Now we return to decision theory. It is also a return to the thing that first made me interested in learning something about statistics a year or two ago. I had heard about John Ioannidis’ shocking article “Why Most Published Research Findings are False” and started to investigate. To me statistics was some settled thing that you hit your data with after doing an experiment. It told you whether or not your findings were real and how confident you could be in them.

Moreover, I believed that as long as you followed the prescriptions taught to you, you couldn’t mess it up. It was foolproof. Just look around and try to find one thing that science hasn’t touched. The scientific method has clearly led us to discover something about the world. That’s why stats seemed like an uninteresting part of math. People seemed to have figured it all out. Then I was shocked to find that article. I started to learn about all these fallacies, and methodological problems that I’ve been pointing out over the past few months.

One of the main difficulties, particularly in science, is classical null hypothesis significance testing (NHST). One way to try to mitigate these difficulties is to rephrase our hypothesis test as a Bayesian decision theory problem. This is not the only Bayesian reformulation (Kruschke’s MCMC stuff is pretty cool which I might get to someday), but it fits in as a nice example of the use of decision theory outside of the silly gambling problems I’ve been using.

Let’s start by seeing how to test a point null hypothesis. Think about the biased coin example. We want to test ${\theta=1/2}$, i.e. is the coin unbiased? This is obviously a ridiculous type of hypothesis test, because the term “unbiased” in real life encompasses a range ${(1/2-\varepsilon, 1/2+\varepsilon)}$ where we can’t tell the difference. This is actually the case in most scientific situations as well (there is only so much precision your instruments can achieve), and often scientists incorrectly use a point NHST when there should be a ROPE (region of practical equivalence).

Our first step is to take the previous paragraph’s discussion and cheat a little. Suppose we want to test ${\theta = \theta_0}$. The Bayesian way to do this would work out of the box using a ROPE. Unfortunately, if we want continuous densities for the probabilities, then we will always reject our null hypothesis. This is because a point has probability zero. The cheat is to just convert the continuous prior, ${\pi(\theta)}$, to a piecewise defined prior where we assign a point mass of probability

$\displaystyle \pi_0 = \displaystyle \int_{\theta_0-\varepsilon}^{\theta_0+\varepsilon} \pi(\theta)d\theta$

to ${\theta_0}$ and the renormalized old prior otherwise. This is merely saying that we make a starting assumption that ${\theta}$ has true value ${\theta_0}$ with probability ${\pi_0}$, and hence no actual integral needs to be calculated. That is just for intuitive justification for the shape of ${\pi}$. If this makes you uncomfortable, then use the uninformed prior of ${\theta=\theta_0}$ having probability ${1/2}$ and the alternative having a uniform distribution of mass 1/2.

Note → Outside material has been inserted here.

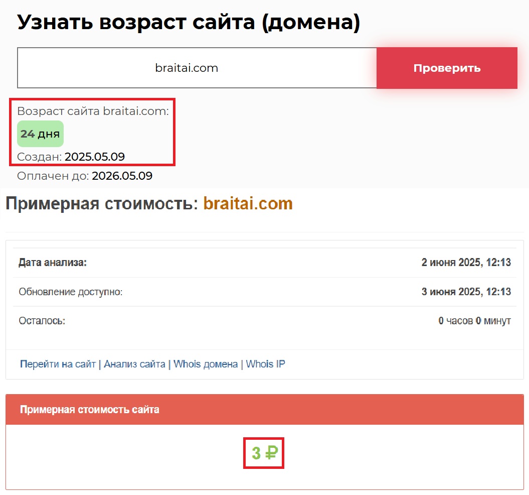 Кстати, есть еще один интересный момент, на который стоит обратить внимание. Сайт существует с 9 мая 2025 года, всего 24 дня. А значит, никакой опыт, никакая репутация и, уж точно, никакая история за этим проектом не стоят. Все — от и до — липа. Цена домена в три рубля лишь подтверждает наши опасения. Мы уже видели сотни подобных проектов. И, поверьте, ни один из них не завершился чем-то хорошим для инвесторов. Так что подумайте дважды.

Let’s recap what we are trying to do. We have two hypotheses. The null which is ${H_0: \theta=\theta_0}$, and the alternative ${H_1: \theta\neq \theta_0}$. This type of NHST came up in the last post where we wanted to experimentally test whether or not the acceleration due to gravity was ${g=9.8}$. Our process should be clear if you’ve been following this sequence of posts. We just use our data to calculate the posterior distributions ${P(H_0|x)}$ and ${P(H_1|x)}$. We must decide between these two by seeing which one has less risk (and that risk will come from a loss function which appropriately penalizes falsely accepting/rejecting each one).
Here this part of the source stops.